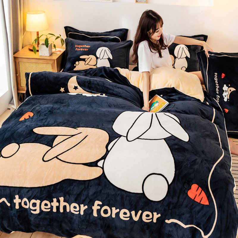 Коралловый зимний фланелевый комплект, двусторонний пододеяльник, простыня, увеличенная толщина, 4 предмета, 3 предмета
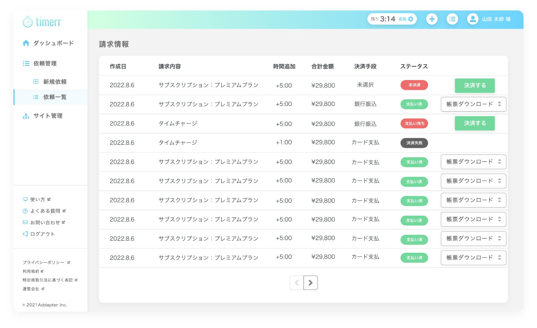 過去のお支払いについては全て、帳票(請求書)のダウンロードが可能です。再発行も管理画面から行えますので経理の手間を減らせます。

---

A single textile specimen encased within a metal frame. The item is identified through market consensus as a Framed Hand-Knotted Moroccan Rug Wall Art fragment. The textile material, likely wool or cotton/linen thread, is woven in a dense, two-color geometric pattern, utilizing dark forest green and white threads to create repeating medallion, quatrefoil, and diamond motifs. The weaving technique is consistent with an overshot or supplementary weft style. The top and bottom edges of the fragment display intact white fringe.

* * *

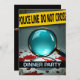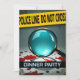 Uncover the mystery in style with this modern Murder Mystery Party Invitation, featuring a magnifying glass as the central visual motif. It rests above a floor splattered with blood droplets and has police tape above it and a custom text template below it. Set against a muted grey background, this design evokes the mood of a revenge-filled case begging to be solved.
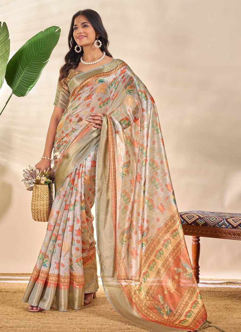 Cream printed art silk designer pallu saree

(Exercise) From the records above, write out exactly the lines that begin at the line with "Коралловый зимний фланелевый" and end at the line with "過去のお支払いについては全て". Pictures must not appear in the output.

(Result)
 Коралловый зимний фланелевый комплект, двусторонний пододеяльник, простыня, увеличенная толщина, 4 предмета, 3 предмета
 過去のお支払いについては全て、帳票(請求書)のダウンロードが可能です。再発行も管理画面から行えますので経理の手間を減らせます。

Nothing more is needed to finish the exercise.